Setelah ia dipindah ke Sumedang, pada tanggal 6 November 1908, Cut Nyak Dhien
meninggal karena usianya yang sudah tua. Makam "Ibu Perbu" baru ditemukan pada tahun
1959 berdasarkan permintaan Gubernur Aceh saat itu, Ali Hasan. Pada tahun 1960, orang
lokal Sumedang yang mencari tahu kembali siapakah "Ibu Perbu", telah meninggal,
namun, informasi datang dari surat resmi pemerintah Belanda pada "Nederland Indische",
ditulis oleh Kolonial Verslag, bahwa "Ibu Perbu", pemimpin pemberontakan provinsi Aceh
telah dibuang di Sumedang, Jawa Barat. Hanya terdapat satu tahanan politik wanita Aceh
yang dikirim ke Sumedang, sehingga disadari bahwa Ibu Perbu adalah Cut Nyak Dhien,

7
"Ratu Jihad" dan diakui oleh Presiden Soekarno sebagai Pahlawan Nasional Indonesia
melalui SK Presiden RI No.106 Tahun 1964 pada tanggal 2 Mei 1964.

Makam

Menurut penjaga makam, makam Cut Nyak Dhien baru ditemukan pada tahun 1959
berdasarkan permintaan Gubernur Aceh, Ali Hasan. Pencarian dilakukan berdasarkan data
yang ditemukan di Belanda. Masyarakat Aceh di Sumedang sering menggelar acara
sarasehan, dan pada acara tersebut, peserta berziarah ke makam Cut Nyak Dhien dengan
jarak sekitar dua kilometer. Menurut pengurus makam, kumpulan masyarakat Aceh di
Bandung sering menggelar acara tahunan dan melakukan ziarah setelah hari pertama
Lebaran, selain itu, orang Aceh dari Jakarta melakukan acara Haul setiap bulan November

Makam Cut Nyak Dhien pertama kali dipugar pada 1987 dan dapat terlihat melalui
monumen peringatan di dekat pintu masuk yang tertulis tentang peresmian makam yang
ditandatangani Ibrahim Hasan, Gubernur Daerah Istimewa Aceh di Sumedang tanggal 7
Desember 1987. Makam Cut Nyak Dhien dikelilingi pagar besi yang ditanam bersama
beson dengan luas 1.500 m2. Di belakang makam terdapat musholla dan di sebelah kiri
makam terdapat banyak batu nissan yang dikatakan sebagai makam keluarga ulama besar
dari Sumedang yang pernah dibuang ke Ambon yang bernama H. Sanusi, dan juga
keluarga H. Sanusi merupakan pemilik tanah kompleks makam Cut Nyak Dhien.

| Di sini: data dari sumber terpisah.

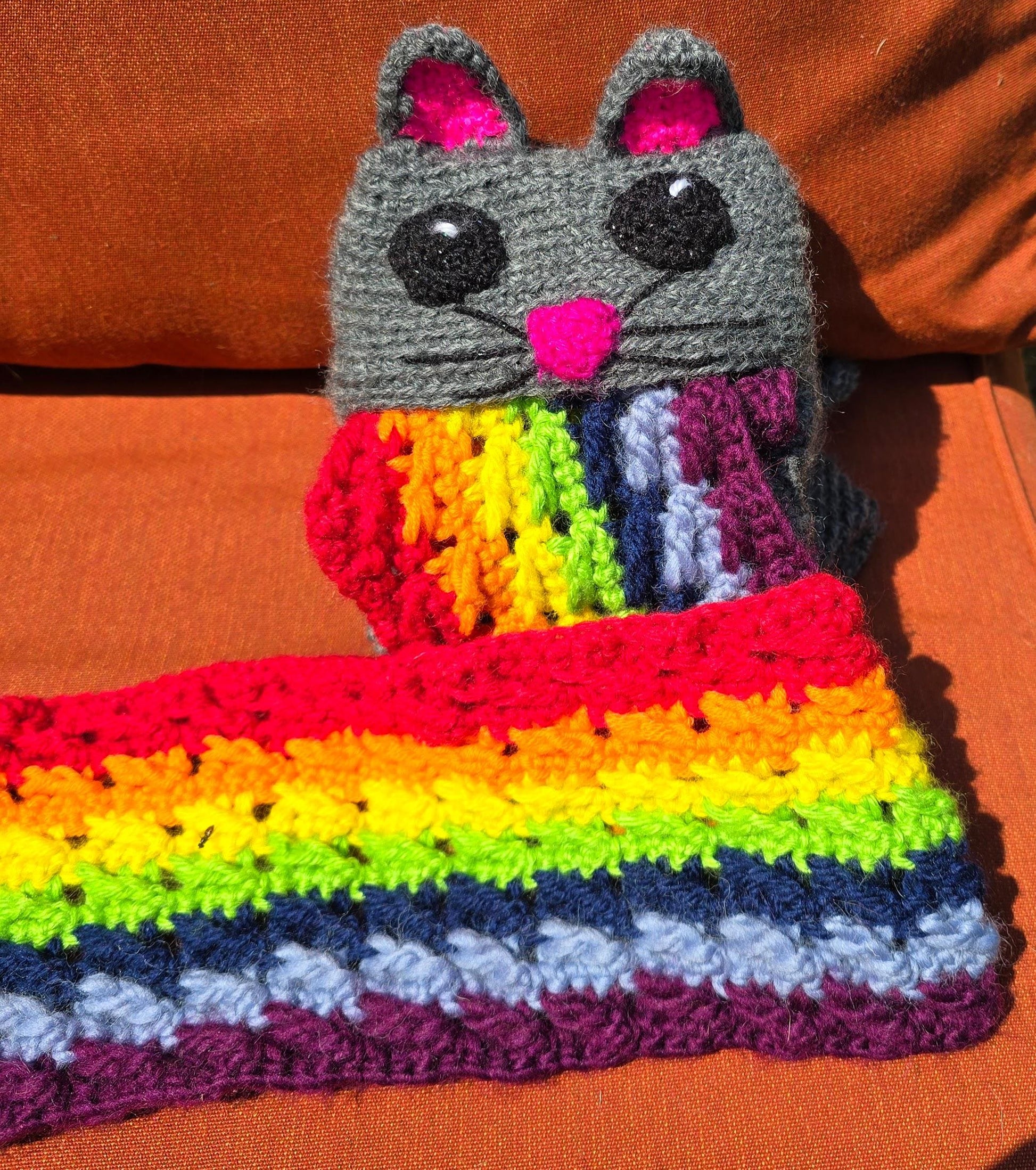 Brighten the darkest, coldest days with this adorably fun scarf! Made with 100% Superwash merino wool in bright colors, this friendly and warm scarf will be a hit everywhere you go! Everyone will want to know where you found this unique and useful item. Stay warm even when wet due to the properties of the wool. Whether you‘re having fun in the snow, working in dreary weather, or just bustling about in the cold, your new little buddy will help you stay warm.

Pada batu nissan Cut Nyak Dhien, tertulis riwayat hidupnya, tulisan bahasa Arab, Surat At
Taubah dan Al Fajar serta hikayat cerita Aceh.

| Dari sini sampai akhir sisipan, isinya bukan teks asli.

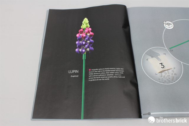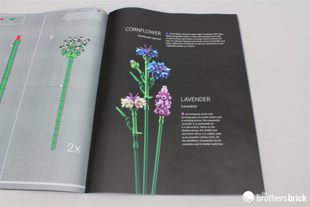 Although the instructions are something you really don’t look at past building the model, it’s nice when they have substance. The cover of this one, for example, isn’t just the same image as the front of the box. Instead, it’s an artistic departure. More interesting though, is what you learn from the book. These flowers were not arbitrarily chosen. Instead, they are representatives from various locations around the globe. The symbolism of that is a nice touch. I’m also a fan of the fact that each flower is presented with its name, which has been lacking in other models from the collection.

Gerakan Aceh Merdeka melakukan perlawanan di Aceh untuk merdeka dari Republik
Indonesia sehingga mengurangi jumlah peziarah ke makam Cut Nyak Dhien, selain itu,
daerah makam ini sepi akibat sering diawasi oleh aparat, bahkan tidak ada yang tahu letak
makam Cut Nyak Dhien berada di Gunung Puyuh.

Kini, makam ini mendapat biaya perawatan dari kotak amal di daerah makam karena
pemerintah Sumedang tidak memberikan dana.